Capture d'écran d’une vidéo générée par IA, diffusée depuis le 28 octobre par de nombreux internautes la présentant comme une image des exactions commises par les RSF au Soudan. © Khoubaib.bz / Montage Les Observateurs
"Les vidéos qui nous parviennent du Soudan sont plus qu'horribles et j'ai du mal à comprendre un tel niveau de cruauté." Sur Instagram, le compte d'une médecin aux plus de 300 000 abonnés partage une image dans laquelle on peut voir une femme avec son enfant dans les bras et faisant face à deux soldats.
Comme elle, de nombreux internautes ont diffusé ce visuel, où l'on peut également voir l'ombre de soldats qui feraient partie des Forces de soutien rapide (FSR), arme à la main. "Je la vois, et je me vois. Son enfant, mon enfant. L'injustice de ce monde est plus que déchirante", déplore la médecin dans sa publication aimée plus de 15 000 fois.

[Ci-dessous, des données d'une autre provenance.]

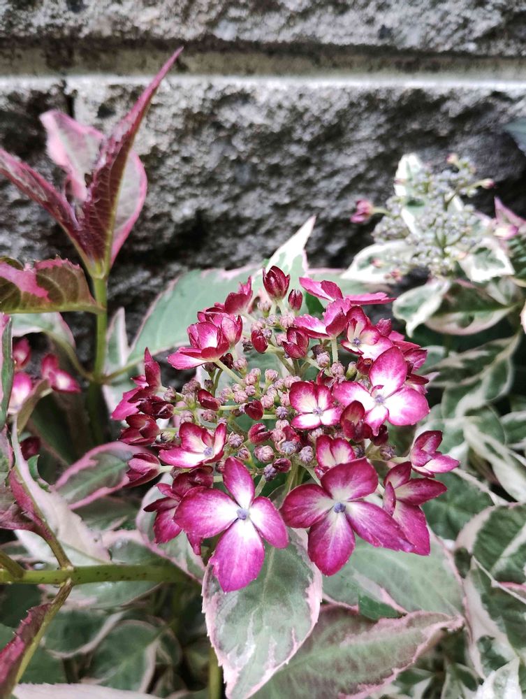 斑入り葉の紫陽花花色もいいですね🍷

Sur Instagram et Facebook, de nombreux autres comptes partagent aussi cette image, soutenant qu'elle montrerait les "secondes avant la mort" de cette femme et de son enfant, tués par les FSR. Ces internautes veulent ainsi dénoncer les exactions des FSR à El-Fasher, après que les forces alliées de l'armée ont accusé les FSR d'avoir exécuté 2 000 civils dans cette ville. Mercredi, l'organisation Human Rights Watch a dénoncé des "atrocités de masse" et des "exécutions extrajudiciaires et d'autres violations graves à l'encontre de personnes fuyant El-Fasher".
Une vidéo générée par IA
Mais cette image ne montre toutefois pas le Soudan, car elle est en réalité issue d'une vidéo générée par IA. L'origine de cette vidéo est facile à retrouver : dans chacune de ces captures d’écran, on voit en bas à gauche le nom de compte Instagram "@khoubaib.bz", compte de Khoubaib Ben Ziou.
Cet internaute, qui se décrit dans sa biographie Instagram comme un producteur de contenus pour le média Al Jazeera, précise également être un spécialiste de la création de contenus par IA.
Le 28 octobre, il a partagé une vidéo dans laquelle on peut voir les ombres des soldats s'approcher de la mère et de son enfant. Mais on peut voir distinctement certaines erreurs caractéristiques d'un contenu généré par IA, comme le fait que les mains de la mère fusionnent à un moment de la vidéo, ou que le pantalon de l'enfant change légèrement de couleur.
Comme l'a également repéré le spécialiste des questions de fact-checking Tal Hagin, Khoubaib Ben Ziou avait même indiqué clairement dans sa story que ce contenu était généré par IA par une étiquette accolée en bas à droite du contenu.

Une image créée pour dénoncer les exactions des FSR ?
Si la première version de la publication ne mentionnait pas explicitement que ce contenu était artificiellement généré, Khoubaib Ben Ziou a ensuite modifié son texte de description pour préciser que la vidéo avait été "générée par IA".
Contacté par notre rédaction pour savoir pourquoi il avait créé cette image, Khoubaib Ben Ziou n'a pas encore répondu à nos demandes.
Récemment, d’autres images générées par IA ont été utilisées pour mobiliser l'opinion publique autour de différents sujets, même si les visuels étaient moins réalistes. En mai 2024, le visuel "All Eyes on Rafah", généré par IA par un internaute malaisien, avait fait le tour des réseaux sociaux à la suite du bombardement meurtrier, le 26 mai, d'un camp de réfugiés à Rafah, dans le sud de la bande de Gaza, par l'armée israélienne.
À l'époque, Giada Pistilli, responsable de l’éthique pour la start-up française Hugging Face et docteure en philosophie sur l’éthique de l’IA, avait déclaré à France 24 que l'omniprésence de ces images artificielles menaçait à terme de brouiller "notre mémoire collective et notre compréhension de ces conflits".